React Native 0.18 Released, Let’s Compose Some React Containers, and Angular 2 vs React
Finding resources now is much easier than it was when we started the newsletter over a year ago. Tons of great content and really smart people building amazing tools and projects. We hope you're all doing well and your new year's resolutions are still in tact. If you like any of the resources below, be sure to let the author know you appreciate them and their work.
React Native 0.18 was released. Features include using React from NPM, Cross Platform Pull to Refresh, + much more.
There's a lot of discussion in the React world on whether using ES2015 classes is the right thing to do, or if sticking with createClass syntax is the way to go. James K Nelson weighs in with some in depth discussion on the issue.
In 2015 React was the darling of the web world. Will 2016 be the year Angular takes back its crown? In this article, Cory discusses the pros and cons and React and Angular2. td;dr "Angular 2 remains HTML-centric rather than JavaScript-centric."
There's a reason the web is moving towards modular components over monolithic apps. In this piece, Addy Osmani walks through what actually makes a component "Modular" as well as best practices in building web apps. He's coined the acronym FIRST which stands for Focused, Independent, Reusable, Small & Testable.
A few months ago Angular Class sent out a survey with questions regarding how developers use the React ecosystem. What's the percentage of devs using Redux vs Flux. Has Immutable taken over yet? What about CSS Modules? Find out the answers to those questions and more in the survey results.
Let's face it, it's not React that's difficult to learn - it's all the tools that go with React that's difficult to piece together. In this article, David offers some advice. Since all the tools are hard to piece together when you're first starting out, just... don't use them until you're ready. David describes a way that he's used an Emitter to organize his app without having to bring in the extra complexity that comes with tools like Redux as well as a nice overview of why React is great for building UI.
ƒ(d)=V. A function that receives data as its input and returns a view is called a Pure View. Elm, Ember 2, Om Next, and ReactJS all leverage pure views. If you've never understood the enormous benefit that pure views provide (HMR, Time travel Debugging, etc), this is the article for you.
Since it's inception, Flux has experienced a lot of variety, from simple libraries to mask boilerplate, to large scale changes to it's underlying patters. Dave Zukowski walks us through the process of how Redux was born out of Flux.

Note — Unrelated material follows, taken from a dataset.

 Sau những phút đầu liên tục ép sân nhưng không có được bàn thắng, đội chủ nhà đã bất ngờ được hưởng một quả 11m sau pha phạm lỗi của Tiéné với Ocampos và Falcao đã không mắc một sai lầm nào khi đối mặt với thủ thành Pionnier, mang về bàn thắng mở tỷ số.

It's no secret that Angular 2 learned a lot from React. In this article, Scott Moss walks through Angular 2 from a React perspective. Regardless of if you ever plan on using NG2, learning the fundamentals will be worth your time.

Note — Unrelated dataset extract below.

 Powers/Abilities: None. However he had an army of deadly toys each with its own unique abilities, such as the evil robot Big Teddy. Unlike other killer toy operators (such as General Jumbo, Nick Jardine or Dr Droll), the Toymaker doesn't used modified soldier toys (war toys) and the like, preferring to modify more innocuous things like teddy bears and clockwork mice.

Dave Zukowski has put a lot of time into his starter kit and now has one of the cleanest React / Redux starter kits out there. Give it a look.

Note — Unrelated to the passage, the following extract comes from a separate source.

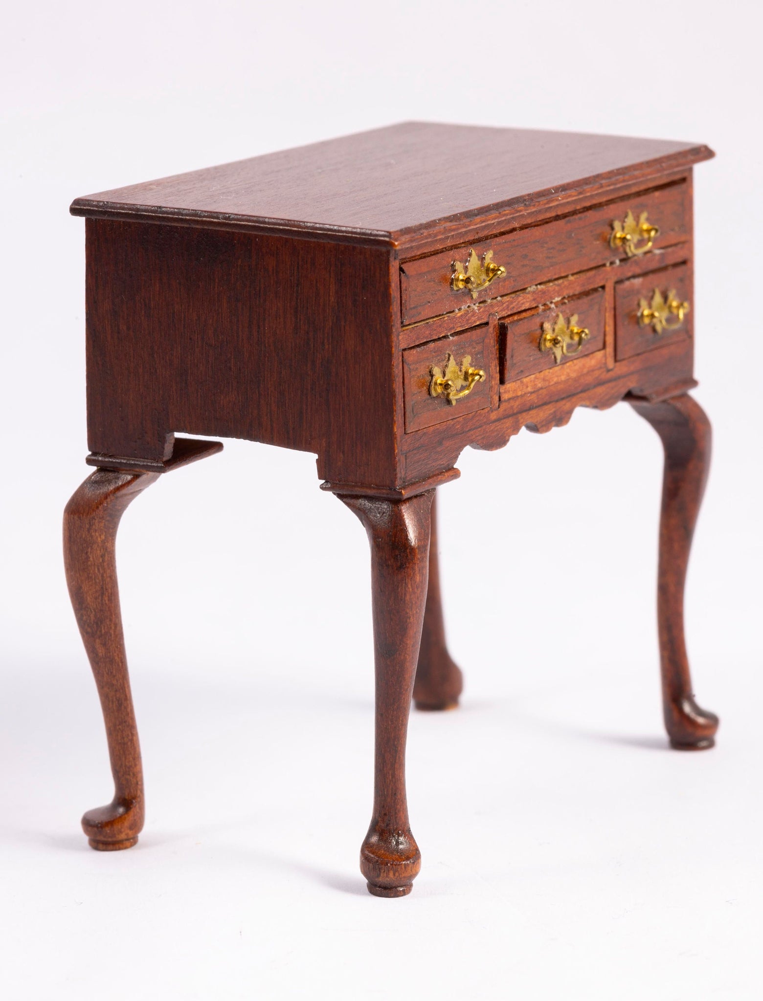 This is a wooden hand made five drawer chest by Stan Gould. The table appears to be mahogany and the drawers open and close nicely.

Besides having a great name, Redux Chaos Monkey by Merrick is a proof of concept which allows you to replay system events in a random order each time to make sure your UI can tolerate variable states.
A quick way to prototype apps with React and Babel with zero-setup. Setting up the tooling required to work on a modern day web app is hard, and makes quick prototyping much more difficult than it should be. Quik is a quick way to prototype a React application without any kind of setup. Quik runs a simple server that compiles JavaScript files with Babel on the fly, so you can include ES2015 files in a script tag directly. It can also generate a JavaScript bundle to use in your app. No setup required.
Snowflake is a React-Native starter mobile app for iOS and Android with a single code base. Using Redux and Immutable, the state of the application is fully testable with Jest, currently at 86% coverage. Snowflake supports Hot Reloading of its state. Snowflake uses CI with Bitrise.io and has extensive docs and 45+ min of video demonstrating implementation.
At the November 2015 ViennaJS meetup, Nik Graf gave an introduction to building apps and React and Redux.